Which may be why so many of us are struggling with the state of the world. I know I’ve been struggling. I made the mistake of reading the Sun from my vacation and hearing about parents of children who are comparing mask wearing to child abuse and dishonoring Black people who have died at the hands of police by attaching “I can’t breathe” to their actions. I’m despondent that the climate continues to scream at us through storms and fires and heat trying to get our attention before it’s too late to avoid the coming death and yet we still suck energy like it’s not killing our children’s future. And I despair when I read that small sets of health care workers, and larger groups of first responders are protesting vaccine mandates – the very thing that gives us a greater chance of being safe.
It’s precisely because of our “public ethics counts” theology that I’m so very disturbed by what is happening in the world – angry and fearful, and more and more cynical in my relationship to fellow human beings.
Like some of you, I’ve tried changing some of my daily habits, hoping that a change in what I’m exposed to might help alleviate some of my loss of faith in my fellow citizens and loss of hope in the future. I’ve listened less to the news and more to music. Spent more time on my bike trying to cycle the cynicism out of my body.
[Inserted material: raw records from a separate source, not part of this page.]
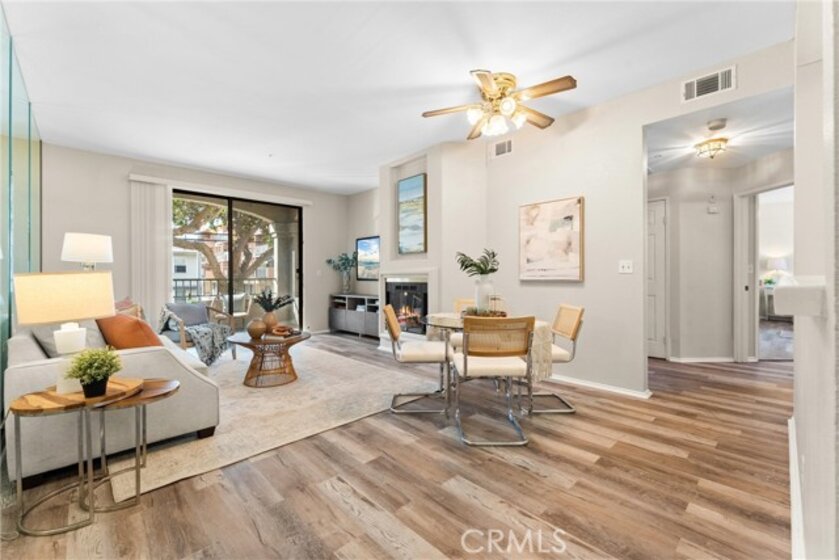 Beachside condo for the 2028 Olympics, Corner unit 2 bed, 2 bath, 2 parking spaces, private balcony, in-unit laundry, and walkable access to downtown Long Beach dining, shopping, and entertainment. This spacious two bedroom, two bathroom home features an open floor plan with durable vinyl flooring, a striking mirrored wall that enhances the sense of space and natural light, and a cozy fireplace that creates a warm and inviting living area. The living room flows seamlessly to a private balcony, ideal for enjoying fresh air and outdoor relaxation. The kitchen is equipped with white cabinetry, tiled counters, a stainless steel microwave, gas stove, and a breakfast bar that connects to the dining and living space, making it perfect for entertaining. Both bedrooms are generously sized with large mirrored closets, while the primary suite includes its own private bath. Additional highlights include the convenience of in-unit laundry with a stacked washer and dryer, and two assigned parking spaces (#34 and #35) in the secured community garage. Located just blocks from the ocean, the Long Beach Aquarium, Convention Center, The Promenade, new City Hall, and the new library, this home is surrounded by vibrant restaurants, shopping, and coastal attractions. With gated entry, proximity to Metro access, and walkability to everything Downtown Long Beach has to offer, this condo is as convenient as it is desirable. Just in time for the 2028 Olympics, it’s the perfect place to call home or an incredible opportunity to rent out during the games.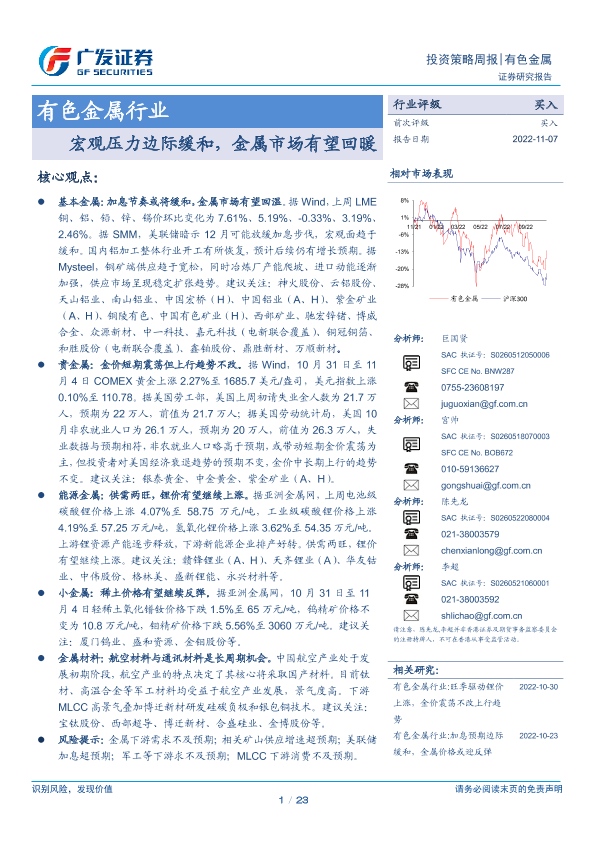 【广发证券】【20221107】20221107-广发证券-有色金属行业投资策略周报:宏观压力边际缓和,金属市场有望回暖-23页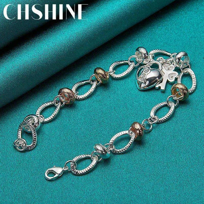 Elegant 925 Sterling Silver Heart Lock Clover Bracelet with Sparkling Zircon Stones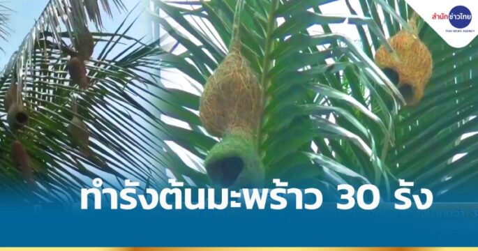 นกกระจาบทำรังต้นมะพร้าวมากกว่า 30 รัง จ.พะเยา

I’ve tried accepting the advice that I’ve given so often to others who are angry or grieving or despondent – be gentle with yourself. Take the nap. Have the pampering cup of afternoon coffee. Go for the walk. Spend time with friends.
I nearly succeeded in getting away from it all on vacation. The first four days I had planned out perfectly. A 30 mile hike through the backcountry of the Great Smokeys. Just me, my first-time backpacking friend, and everything we would need on our backs. There I could get away from the endless depressing news cycle – no cell phone signal in the backcountry. I was ready for the plants and the birds with new guides I planned to utilize. We planned every detail precisely – 2 of 3 nights by the healing waters of flowing streams, an intersection with the iconic Appalachian Trail up to Clingmans Dome – for views of the Blue Ridge mountains from the highest point on the AT; bear spray on my belt, I was hoping, evening expecting that we’d have the privilege of running into some of those marvelous creatures.
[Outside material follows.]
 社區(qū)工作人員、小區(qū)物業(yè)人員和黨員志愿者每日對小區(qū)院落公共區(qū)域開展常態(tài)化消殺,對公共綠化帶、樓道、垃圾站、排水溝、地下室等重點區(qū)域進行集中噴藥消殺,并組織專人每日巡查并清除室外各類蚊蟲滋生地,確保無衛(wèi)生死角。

And then came the rain. Every single night – downpours – which was manageable, even relaxing, until the 3rd afternoon when the heavens opened and didn’t close for 2 solid days. I realized later that we hardly saw any animals because, unlike us, they had checked the weather. They sensed the remnants of the tropical storm that was coming. I didn’t take it as a sign from God so much as much as a metaphor for the last 18 months. Plan all you want, Andrew – it’s all going to turn to mud and there is absolutely nothing you can do about it. A metaphor from which there is no escape. As we trudged 8 miles through a tropical storm – soggy and weighed down by wet gear – it occurred to me that a “public ethics is what counts” faith is only energizing when conditions allow for it.
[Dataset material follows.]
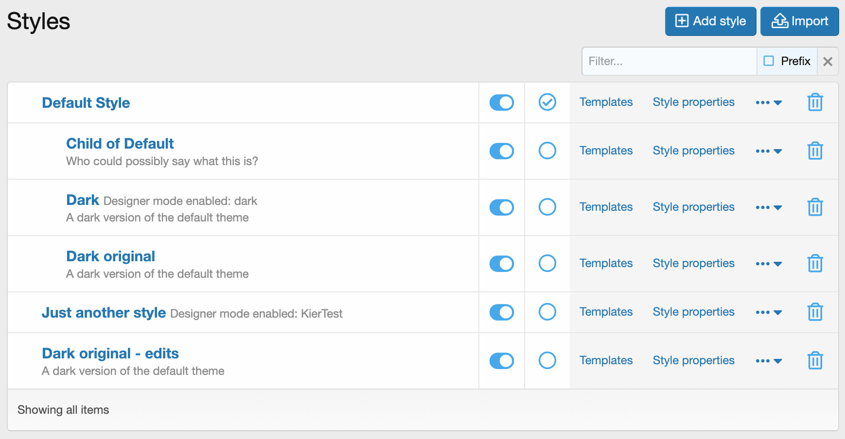 Importing and exporting complex styles with custom graphics is a breeze with XenForo's style archive format.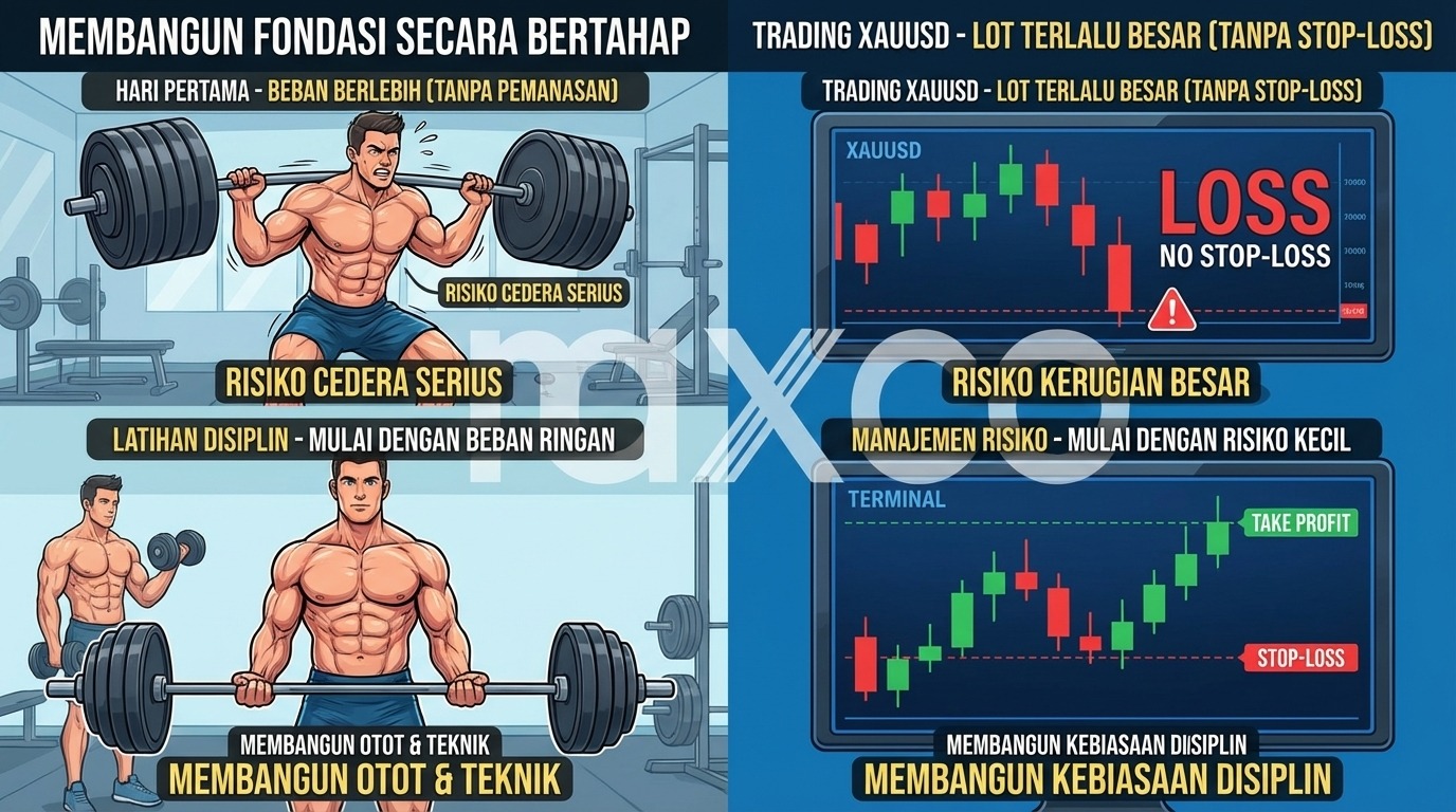 Di dalam Trading xauusd, mencoba mengangkat beban seratus kilogram pada hari pertama adalah ekuivalen dengan menggunakan ukuran lot yang terlalu besar tanpa menempatkan batasan kerugian (Stop Loss). Sedangkan postur dan teknik dasar yang benar adalah sistem manajemen risiko yang Trader Maxco terapkan pada setiap transaksi. Mulailah dengan risiko terkecil terlebih dahulu sampai metode eksekusi menjadi sebuah kebiasaan yang disiplin.

When a people rally together around eradicating COVID-19 by getting vaccinated as a sign of our love for our neighbor. When a world decides you know we really do want this planet to be inhabitable for our children and grandchildren – we do share that urgency together. When a nation decides in advance of every conflict – you know we’ve read our history and we realize that wars are rarely won – more often they leave people dead, maimed, and divided. We would better spend our money and time trying to bridge conflicts instead of being coerced into believing we can win all of them.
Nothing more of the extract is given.